Publishing Part II: The Perfect First Page

How to write a perfect first page in your novel
One could argue that the first page of your novel is the most important. Not only is it the very maximum you will ever get from a prospective buyer at a bookstore, but many literary agents, as they wade through mountainous piles of submission, will use your opening words to either shuffle you to the reject pile (alongside 99% of the submissions they receive) or, if you executed it well, give you the chance to fulfill your life dream of becoming a published author.

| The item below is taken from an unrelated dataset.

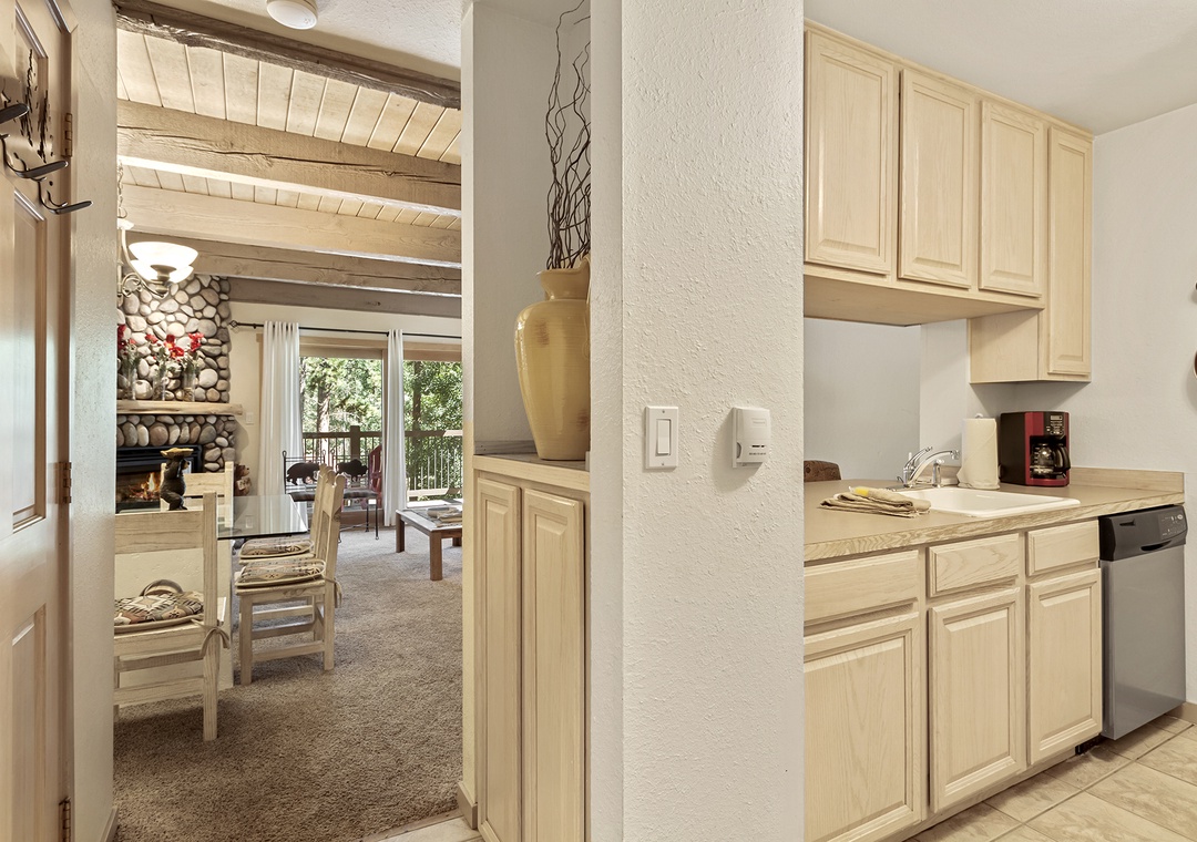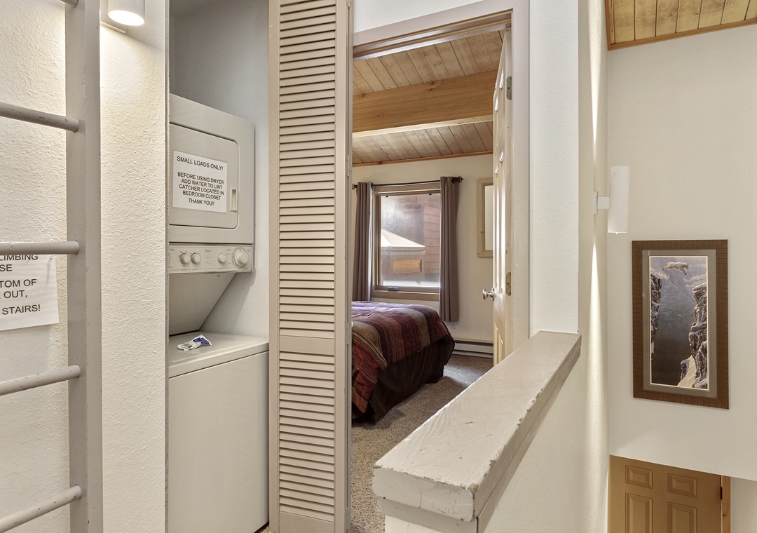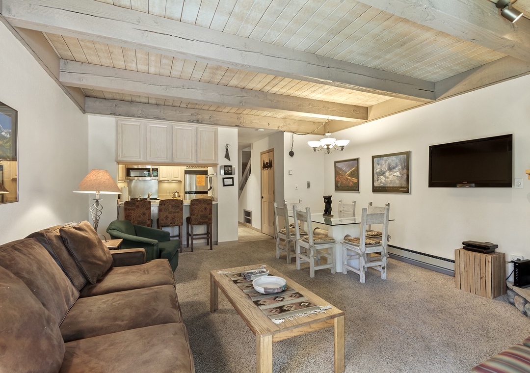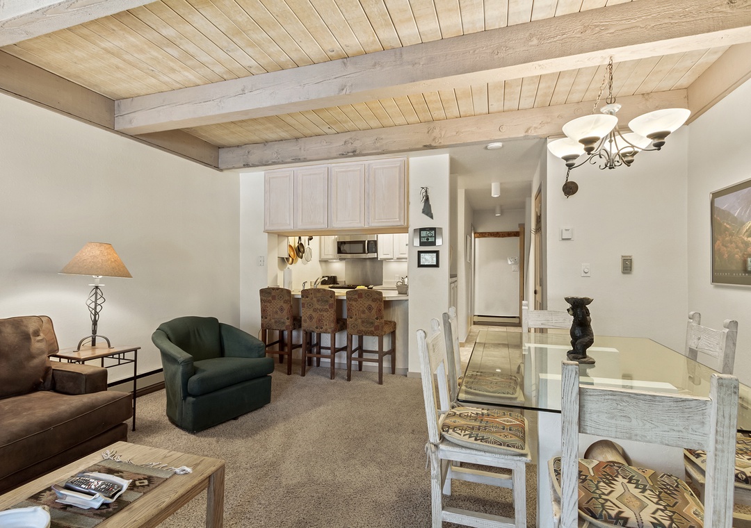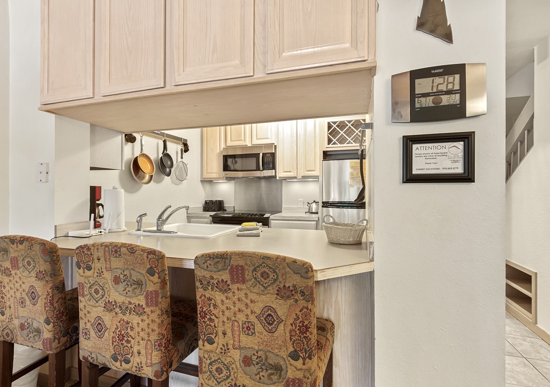 There is an alley kitchen that is semi-open to the living room, for everyone to be able to be together. The condo is equipped with lots of family friendly games. With both bedrooms upstairs, those who like to stay up doing puzzles and games won't disrupt the early bird skiers getting rest for a big day on the mountain.

Online organizations like Writer's Digest offer classes with names like "First Page Bootcamp" where you can get a master lesson and even personalized feedback from established agents about crafting a perfect first page. These classes can run as high as $200. Youch!  I don't know about you but that's a steep ask from me, and an expense I would have a hard time convincing my wife was necessary. However, there is plenty of advice (some dubious) available on the wide web and in my searches I stumbled across a "first page checklist" from established author C.S. Lakin, who has become an authority figure on novel-writing advice, that I found quite helpful. It includes "must-have" items such as a "Opening Hook: Clever writing and image that grabs the reader," and a "glimpse at character’s personal history, personality—shed light on motivation." (You can read/download the full checklist here). I found this helpful in analyzing the ways my first page might not be living up to its full potential.

I've decided to be harsh with my first page, and part of that means laying it out here for you to read and invite your meanest words. Help me beat it up and make it better. It's like a broken arm that healed crookedly: it needs to be rebroken to get it straight. So without further delay, here is my first page as it stands. Please comment below with your harshest, unadulterated, no-holds-barred criticism.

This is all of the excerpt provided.